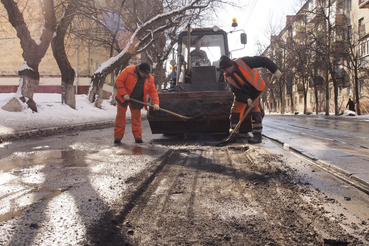 При планировании ремонта особое внимание уделяется участкам, по которым курсирует общественный транспорт. Для работ используется литой асфальтобетон — технология, позволяющая качественно заделывать повреждения даже при остаточной влажности: перед укладкой места ям тщательно осушаются, а высокая температура смеси обеспечивает прочное сцепление.
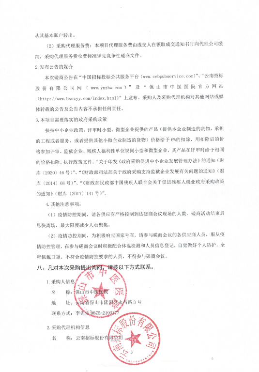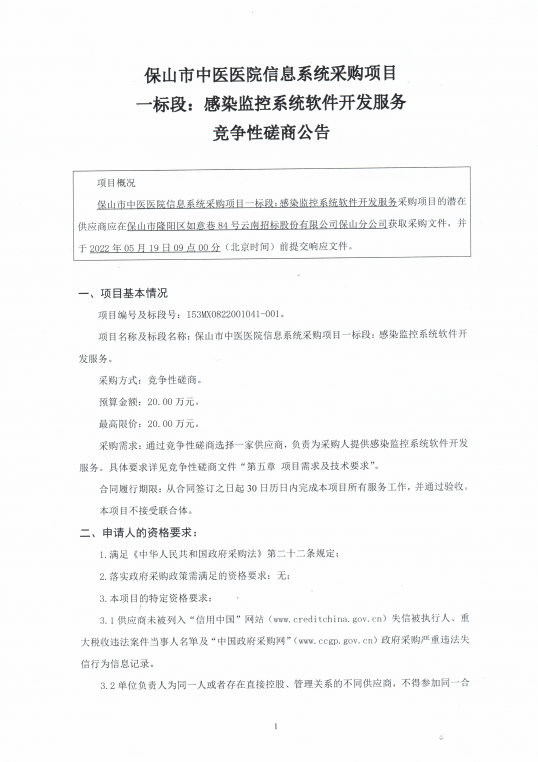保山市中医医院信息系统采购项目一标段:感染监控系统软件开发服务竞争性磋商公告
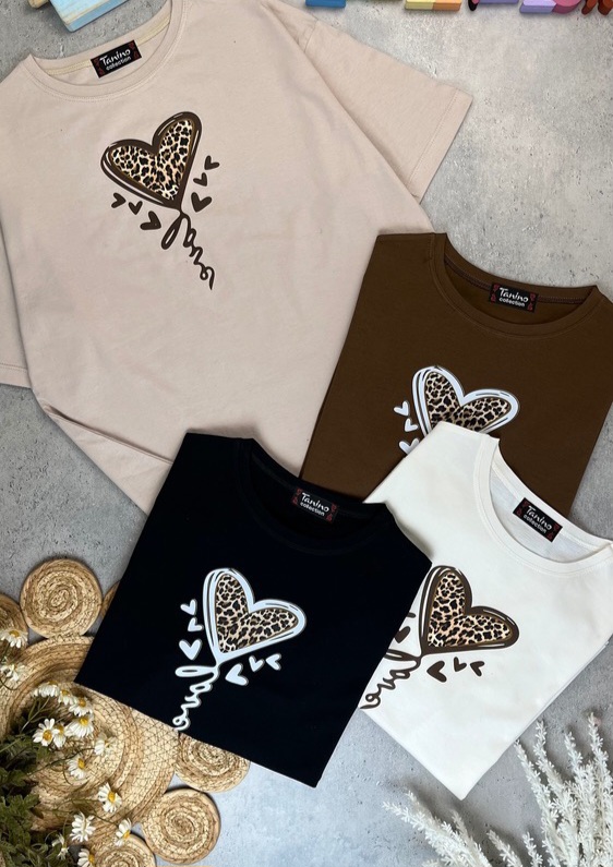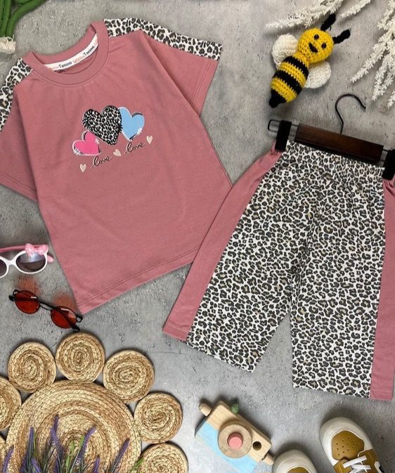 ست تیشرت و شلوارک راحتی اقتصادی پنبه یک رو دخترانه مدل پلنگی قلبی
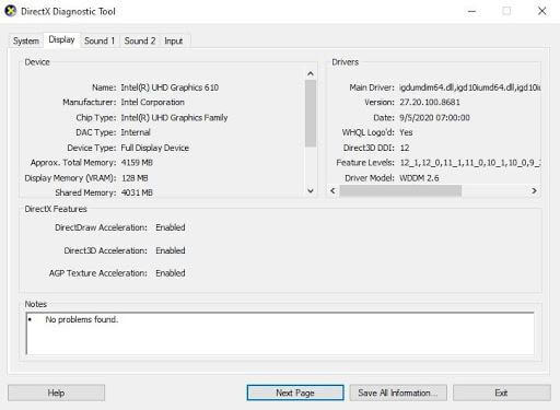 1. Cách kiểm tra card màn hình bằng DirectX Diagnostic Tool
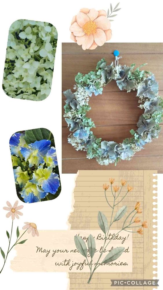 紫陽花のリース、色がとっても綺麗ですね💚💙
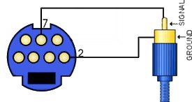 На современных картах RADEON, как правило, распаян только 7-контактный S-Video разъём. В связи с этим для подключения к телевизору по композитному сигналу необходимо использовать специальный переходник. Так как на 7-контактный разъём S-Video на картах RADEON выводится непосредственно композитный сигнал, то в поставляемых с картами переходниками S-Video>RCA обычно не используется смешивание яркостного (Y) и цветового (C) сигналов, а просто берётся уже готовый композитный сигнал с контактов разъёма S-Video. Схему такого переходника вы можете посмотреть здесь. Для карт серии All-in-Wonder требуются специальные переходники.
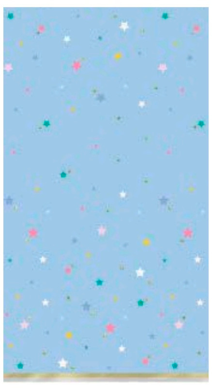 Add some soft colors to your table setting with these Pastel Plastic Tablecover. This rectangular plastic tablecover features a pattern of multicolor tiny stars on a pastel blue background, accented with shimmery gold. Measures 54in x 84in.
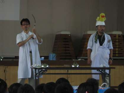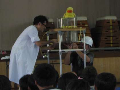 サマーチャレンジの1日目、科学教室がありました。いろんな実験を見せてくれました。とてもおもしろかったです。
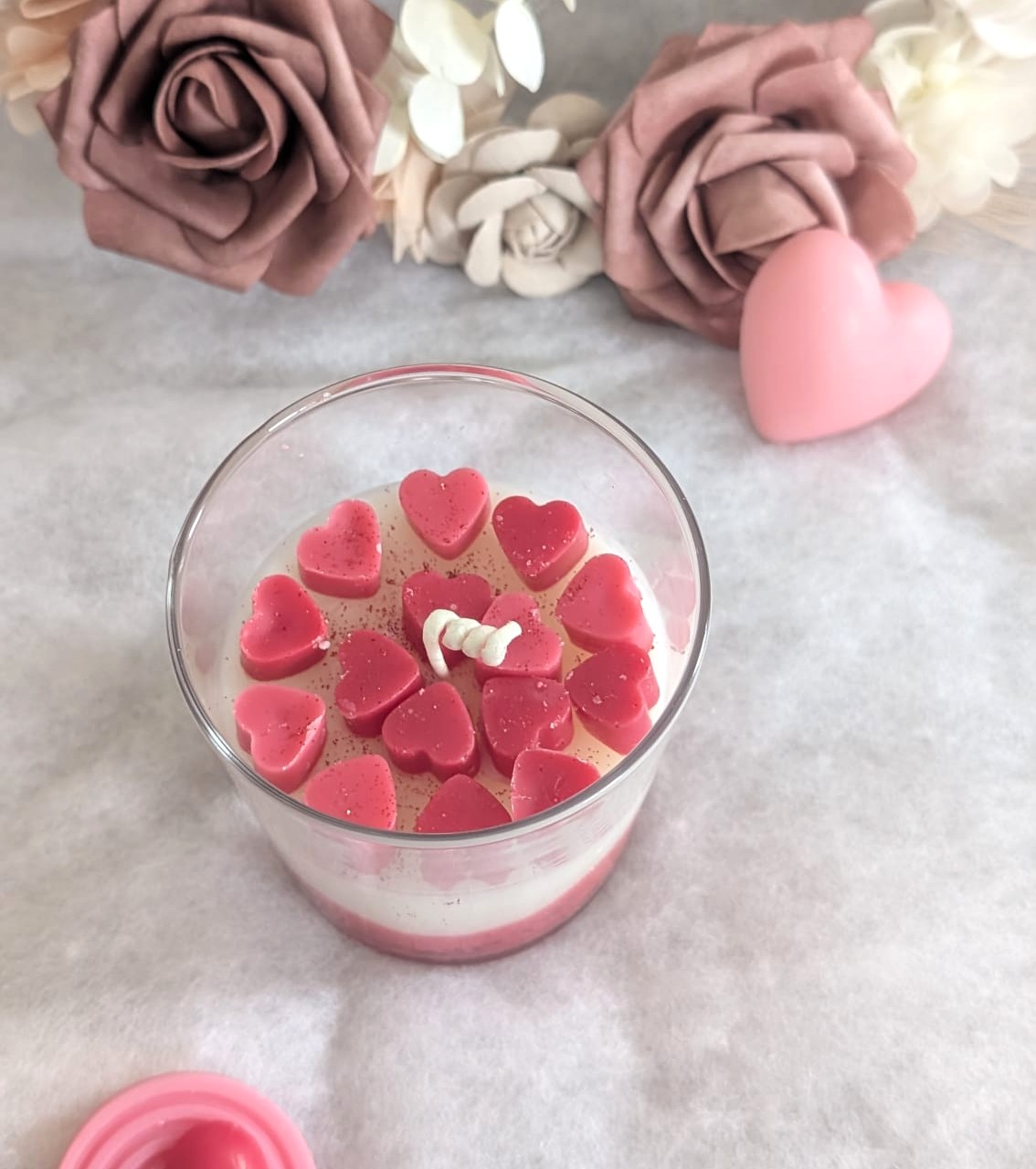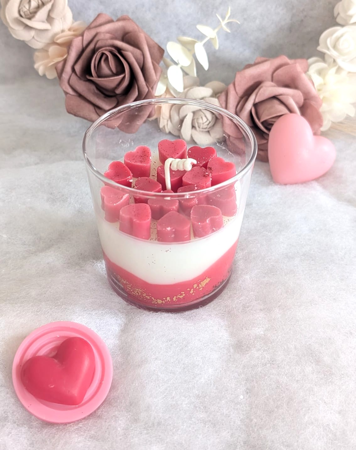 Une bougie de Saint-Valentin romantique avec ses petits coeurs qui évoquent l’amour. Ce modèle marie esthétisme, symbolique et qualité artisanale. Offrir une bougie parfumée de Saint-Valentin pour célébrer l’amour, c’est bien plus qu’un simple cadeau car tu peux la personnaliser avec des mots tout doux. C’est un geste tendre, une attention qui réchauffe le cœur.
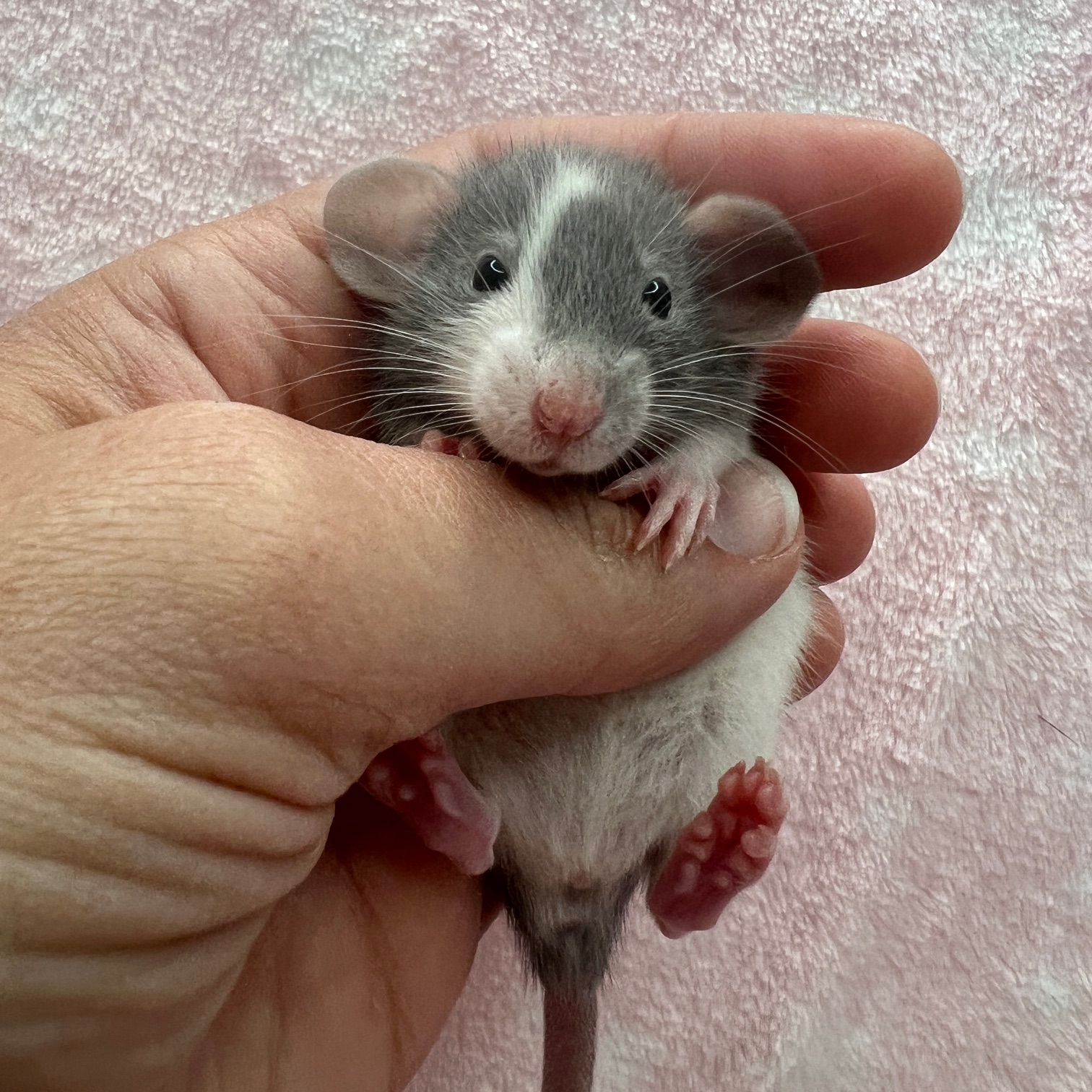 Sex: Female Color: Russian Blue Markings: Lightning Blazed Berkshire Fur: Standard Ears: Dumbo Eyes: Black Tail: Standard Size: Standard

:::::

Your goal:
Lines from the one that contains "Add some soft" to the final line of the material are the whole answer. Reproduce them word for word and skip the pictures.

Task answer:
 Add some soft colors to your table setting with these Pastel Plastic Tablecover. This rectangular plastic tablecover features a pattern of multicolor tiny stars on a pastel blue background, accented with shimmery gold. Measures 54in x 84in.
 サマーチャレンジの1日目、科学教室がありました。いろんな実験を見せてくれました。とてもおもしろかったです。
 Une bougie de Saint-Valentin romantique avec ses petits coeurs qui évoquent l’amour. Ce modèle marie esthétisme, symbolique et qualité artisanale. Offrir une bougie parfumée de Saint-Valentin pour célébrer l’amour, c’est bien plus qu’un simple cadeau car tu peux la personnaliser avec des mots tout doux. C’est un geste tendre, une attention qui réchauffe le cœur.
 Sex: Female Color: Russian Blue Markings: Lightning Blazed Berkshire Fur: Standard Ears: Dumbo Eyes: Black Tail: Standard Size: Standard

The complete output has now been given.